### Exercise brief
Copy out exactly the stretch of the listing below that begins at the line containing "a),iSMI(図12 b)とADF(図12 c)にて内部に少量の血流が認められ,リンパ節転移であった。" and ends at the line containing "- Zip pocket with RFID blocker", and copy nothing outside it.

### Listed entries

#####

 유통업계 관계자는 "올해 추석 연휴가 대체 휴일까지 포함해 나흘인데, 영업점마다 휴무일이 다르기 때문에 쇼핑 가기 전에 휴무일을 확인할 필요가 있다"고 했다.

#####

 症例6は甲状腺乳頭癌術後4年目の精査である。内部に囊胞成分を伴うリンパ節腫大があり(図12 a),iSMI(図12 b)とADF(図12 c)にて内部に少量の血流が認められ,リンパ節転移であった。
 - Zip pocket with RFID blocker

#####

### Result
 症例6は甲状腺乳頭癌術後4年目の精査である。内部に囊胞成分を伴うリンパ節腫大があり(図12 a),iSMI(図12 b)とADF(図12 c)にて内部に少量の血流が認められ,リンパ節転移であった。
 - Zip pocket with RFID blocker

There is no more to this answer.